Now back to Dr Clapp and the method i have been using to gauge my workout efforts and ensure all is well for me and baby. I use the BORG rating of perceived exertion scale in order to measure how hard i should be working out and/or running. The heart rate measurement is outdated and should not be used anymore as it takes nothing in the first trimester to raise your heart rate and takes a lot of work in your third trimester to reach the "ideal" heart rate. So after discovering this i opted for the BORG method Dr. Clapp uses and so far so good:)
![]() | ||
Source: http://www.nycrunningmama.com |
In the second trimester i have a lot more energy and lucky for me my all day nausea stopped at 11 weeks! I am now running again straight through however i still follow the 5 min/500m walking warm up at the beginning of my run and the 5 min/500m cool down as i have since i first found out i was pregnant. I feel that this is very important as well to really ensure my body is warmed up first and has a chance to cool down. Especially important for those of us who sit at a desk all day; hello tight hip flexors!

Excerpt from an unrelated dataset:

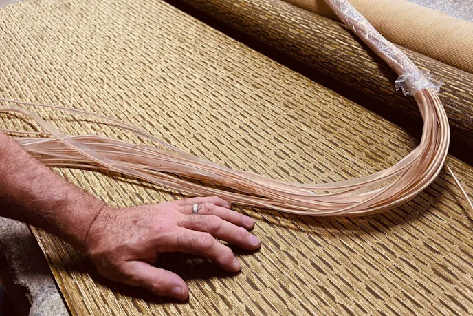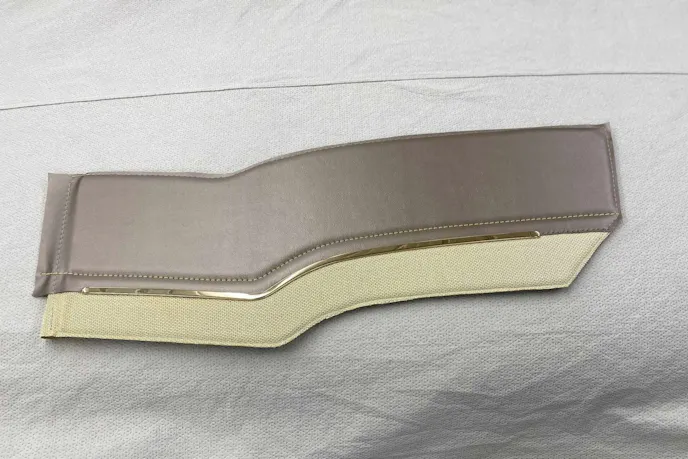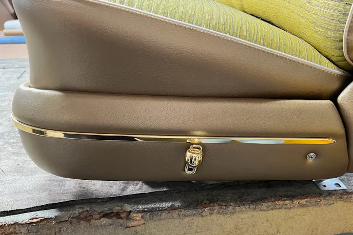 “We tried to get as close to the pictures as we could without having pictures of the actual material,” Gina says. She ultimately found the cloth at SMS Auto Interiors in Canby, Oregon, where owner Doug Pollock was able to provide the proper fabric. Gina says the 70-year-old material was in great shape. It was firm, heavy-duty fabric that was easy to work with.
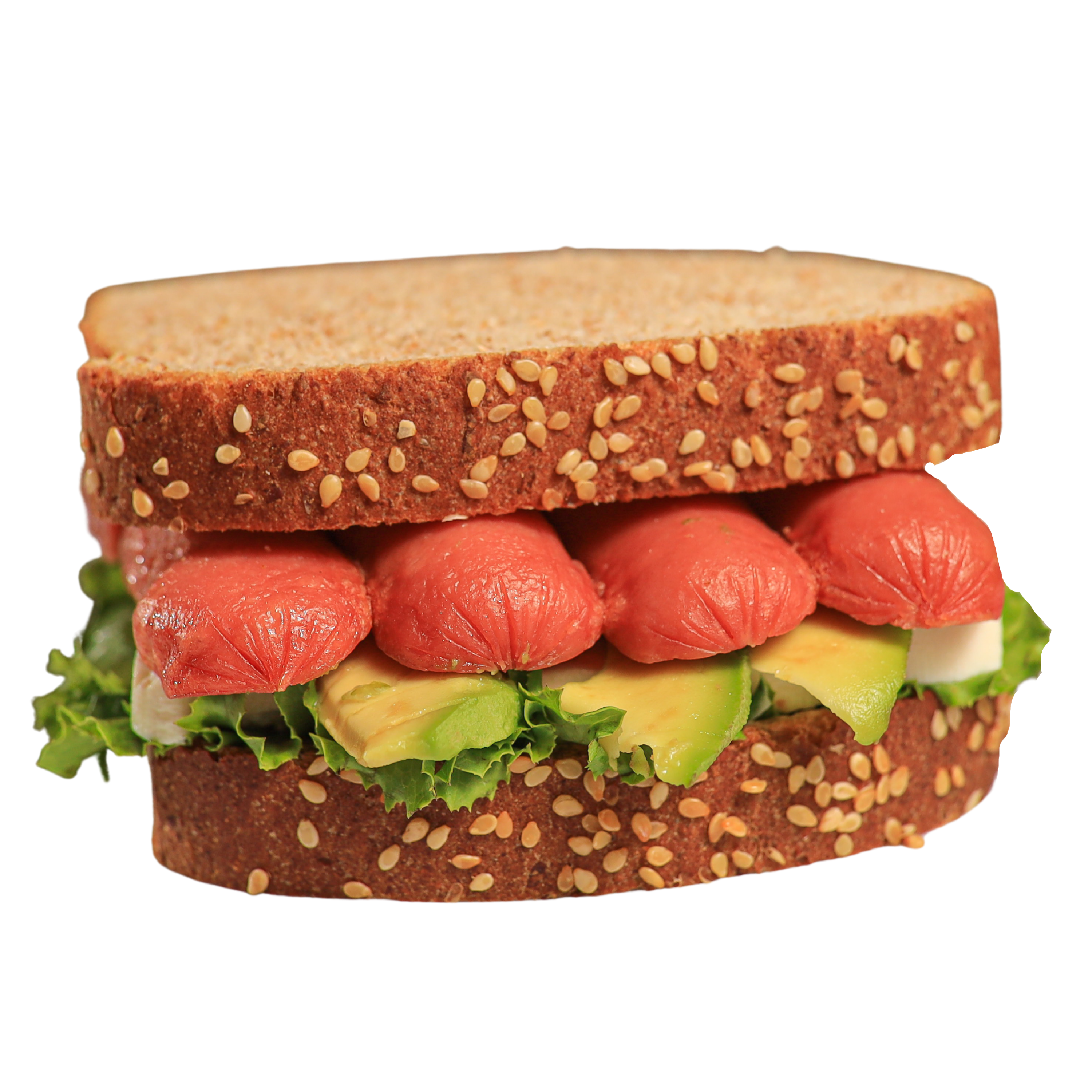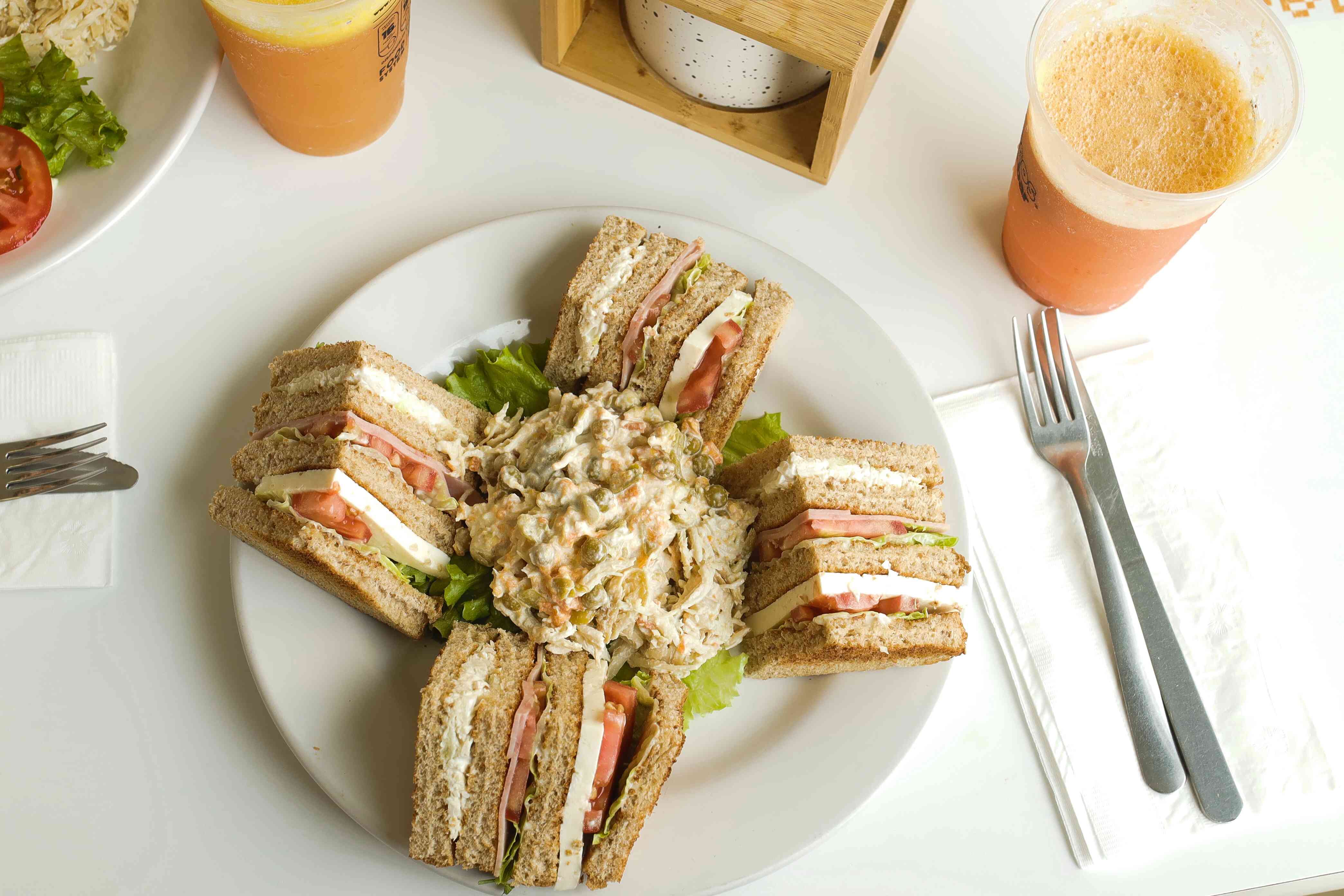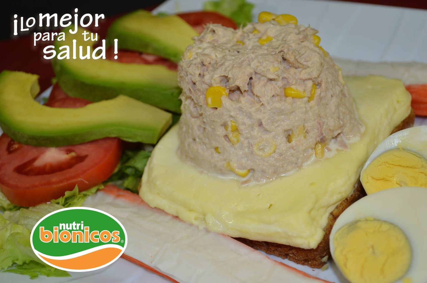 Atún, mayonesa, elote, pan integral, queso fundido, lechuga, jitomate, surimi, aguacate y huevo hervido.

Another thing to be careful of and mindful of when exercising is that your body is now producing a hormone called relaxin. Which relaxes a women's joints and ligaments. Therefore it can be easier to hurt yourself if things are looser. So your running gait will more than likely change which causes running to affect your body in different ways than it did before. This also means that you shouldn't practice Yin yoga during pregnancy i have learned. As that practice stretches out the joints and ligaments instead of the muscles. Which can be too much stretching for a women who is pregnant. Which saddened me last week as i really wanted to go to a class! Oh well. I can still do power vinyasa yoga, as well as running, circuit training with weights, biking and pilates. So i think i can suck it up.
.
Well this turned into a longer post that i intended. I still have lots more to talk about however i will save that for more posts. I will try to blog more and keep you up to date with working out, running, etc while pregnant. Currently i am still working out 6 days a week. Two workouts a day 4 days a week 30 min in the morning and 30-45 after work. With Fridays being a full 60 min workout before work so i can just relax when i get home Friday night:) Saturdays are still my long runs. My current max being 16km. After 16km i feel like i have run 20-25km and i seem to need a nap after all my long runs 12-16km. So right now i don't feel like i need to push it km wise and do more. I may end up increasing at some point to test it out but not now. I am comfortable and happy with a max 16km distance.